Ну и улыбочка у тебя, Сандип, – сказал Хари, пихнув меня в плечо у прилавка с зелеными манго. – Мне что, сказать Теджаль, что ты совсем ее забыл?)
Сандип! Проснись! Я к тебе обращаюсь!
Что такое, амма?
Ты спишь стоя! Я спрашиваю, Майя себе что-нибудь купила? Ведь Парвати дала ей каких-то денег.
Она купила детям сладостей.
Транжира.
И цветов для твоего алтаря. Бархатцев.
Подслушано в спальне
Девчонку ничем не проймешь. Какая-то она бесчувственная. Парвати ошиблась. Она не может иметь отношения к сикхам. Бариндра, ты же знаешь, сколько от них шуму. Они такие несдержанные. Сердятся, кричат, ругаются, но не плачут.
Мина, две недели их травят, как зверей на охоте!
Знаю, знаю! Но я не про нынешние беды говорю. А про их характер.
Для них очень много значит их вера. Поэтому и страсти в них много. Но что вспыльчивые и несдержанные – я бы не сказал.
Может, ты и прав. Покушение они готовили хладнокровно. Но как ты думаешь, история будет благодарна сикхам за то, что он избавили Индию от Индиры Ганди?
И за то, что расчистили дорогу Радживу? Который теперь именем убитой матери сможет все что угодно творить? Помнишь, было чрезвычайное положение? Говорят, он тогда ловил мусульман и отрезал им яйца.
Муж! Не говори при мне про эти ужасы!
Про них надо говорить, Мина. Чтобы не забывать о свободах, которые она у нас украла.
То есть, по-твоему, она получила по заслугам? Потому что сама запросто убивала, когда ей это было нужно?
Нет, не считаю. Никакое убийство оправдать нельзя. А когда другие оправдывают, нельзя делать вид, будто тебя это не касается. Бог даровал нам жизнь. Наш долг – жизнь защищать. И никакой разницы, свою или чью-то еще.
Но какой ценой?
Если нужно, то не жалея себя. Иначе выйдет пустое кривляние.
Ночь
Майя снова подпрыгивает на кровати. Веревки стонут в ночи, как побитая зверюшка.
Как и прошлой ночью, я стремглав поднимаюсь наверх и отбрасываю занавесь.
Майя, у меня идея.
Я подтаскиваю к стенке мешки с рисом и сооружаю из них удобную горку. Отвесив поклон (чересчур глубокий!), приглашаю Майю подняться на нее. Она поднимается и наверху сторонится, чтобы и мне хватило места.
Я знаю, что нельзя, но все равно залезаю. (Даже не хочется думать, что будет, если нас застукает амма!)
Мы вместе смотрим на чистое небо пустыни.
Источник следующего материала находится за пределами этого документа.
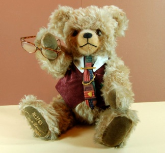 „Die Brille drückt heute wieder....“ so nimmt er sie halt in die Hand. Wir sehen hier Opabär, der zu Ehren von Rolf G. Hermann 1922-1995. Ihm haben wir zahlreiche schöne Hermann Coburg Teddybären zu verdanken.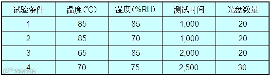 CD-R档案级光盘记录前,TE ≤0.45,FE ≤0.5;记录后,BLER < 50,E32=0, -0.15< Sym <0.15;光盘温湿度耐候试验,在温度80℃、相对湿度85%的环境条件下,放置96小时,BLER < 150,E32=0。

Под черным звездчатым куполом в неверном свете луны проступает силуэт стен и башен Золотой крепости.
По этим стенам гуляли царевны, – говорю я шепотом. – Завтра я тебя туда отведу.
Майя вздыхает. Я чувствую тепло ее дыхания у себя на плече. А по спине при этом пробегает озноб.
Черт побери. Я пропал.
Я вещаю про камни
Все эти лимонно-желтые камни добыты в одной огромной каменоломне. Чтобы доставить их сюда, понадобилось десять тысяч верблюдов.
(Туристам нравятся большие круглые числа.)
Целых пятьдесят лет караваны с камнем ходили через пустыню. Их путь усеян скелетами животных, павших под тяжестью неподъемной ноши.
(Невинные жертвы пользуются спросом.)
Говорят, та каменоломня существует до сих пор. Ее разверстые глубины манят путешественников, воров и тайных любовников.
(Опасность, тайна, беззаконная любовная связь.)
Майе неинтересно. Она вполуха слушает монолог, который я сотни раз до того произносил за пять рупий. (Я беру дорого, но оно того стоит.) И смотрит на далекий, смазанный, как лента дыма, горизонт.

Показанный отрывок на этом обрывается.